When you restate the data, keep every word as it is and drop the images.

BEGIN COLLECTED MATERIAL

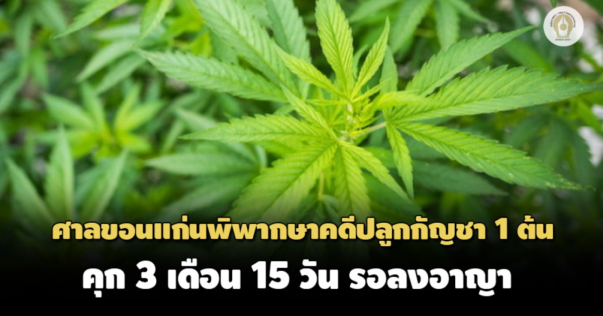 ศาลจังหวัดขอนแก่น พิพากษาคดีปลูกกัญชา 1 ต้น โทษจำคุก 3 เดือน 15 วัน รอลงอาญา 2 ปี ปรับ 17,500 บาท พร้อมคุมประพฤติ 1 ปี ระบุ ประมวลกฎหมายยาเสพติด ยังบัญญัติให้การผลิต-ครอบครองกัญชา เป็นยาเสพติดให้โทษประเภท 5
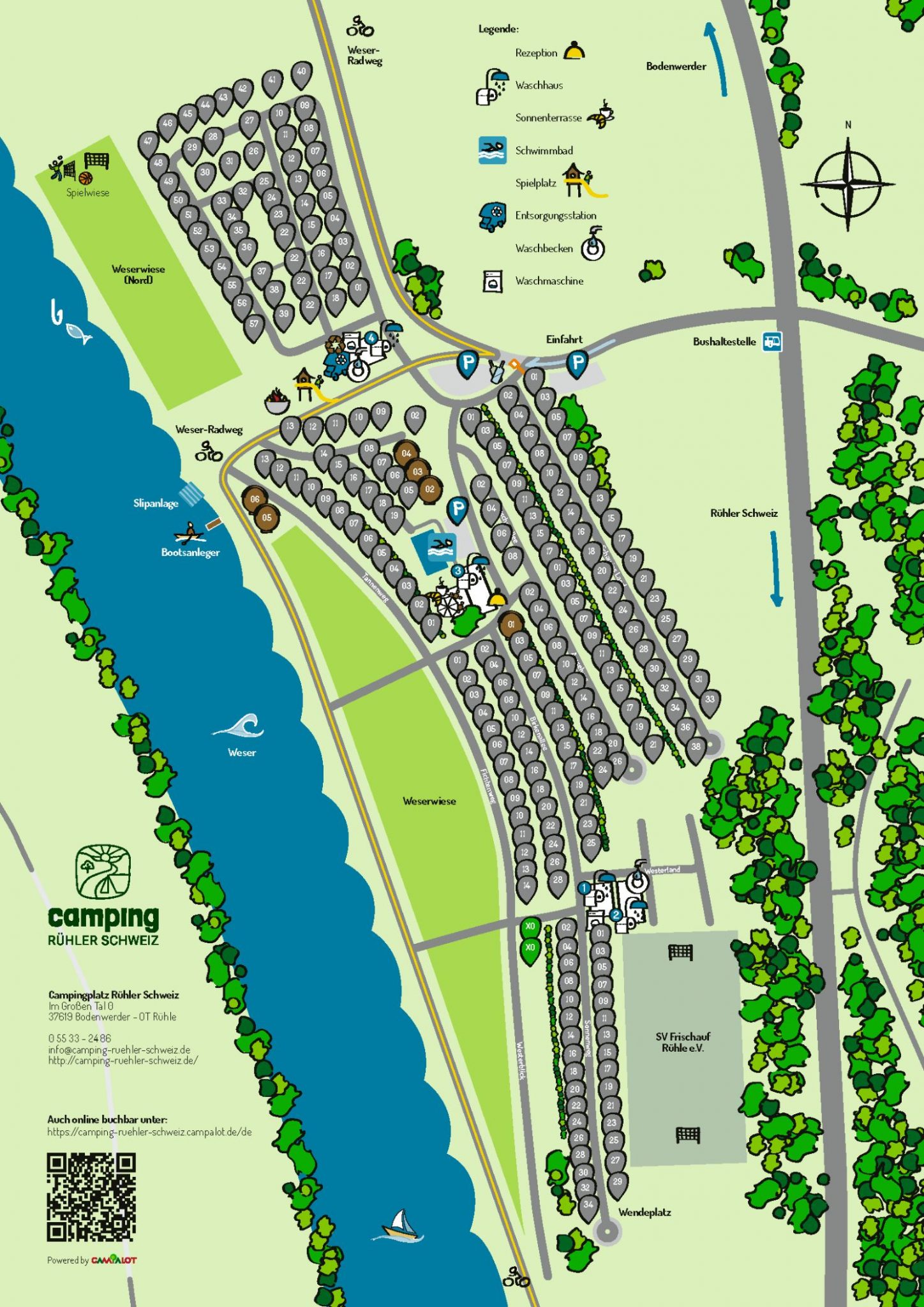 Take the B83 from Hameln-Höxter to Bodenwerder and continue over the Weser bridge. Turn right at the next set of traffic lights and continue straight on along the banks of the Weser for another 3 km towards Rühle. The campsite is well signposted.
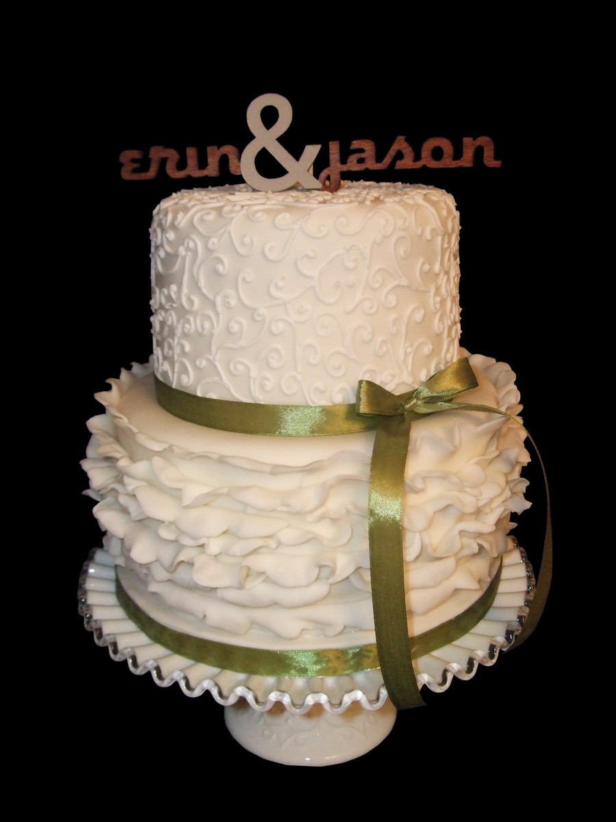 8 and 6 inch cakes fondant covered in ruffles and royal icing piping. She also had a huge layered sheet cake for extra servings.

END COLLECTED MATERIAL

## EXPECTED ANSWER
 ศาลจังหวัดขอนแก่น พิพากษาคดีปลูกกัญชา 1 ต้น โทษจำคุก 3 เดือน 15 วัน รอลงอาญา 2 ปี ปรับ 17,500 บาท พร้อมคุมประพฤติ 1 ปี ระบุ ประมวลกฎหมายยาเสพติด ยังบัญญัติให้การผลิต-ครอบครองกัญชา เป็นยาเสพติดให้โทษประเภท 5
 Take the B83 from Hameln-Höxter to Bodenwerder and continue over the Weser bridge. Turn right at the next set of traffic lights and continue straight on along the banks of the Weser for another 3 km towards Rühle. The campsite is well signposted.
 8 and 6 inch cakes fondant covered in ruffles and royal icing piping. She also had a huge layered sheet cake for extra servings.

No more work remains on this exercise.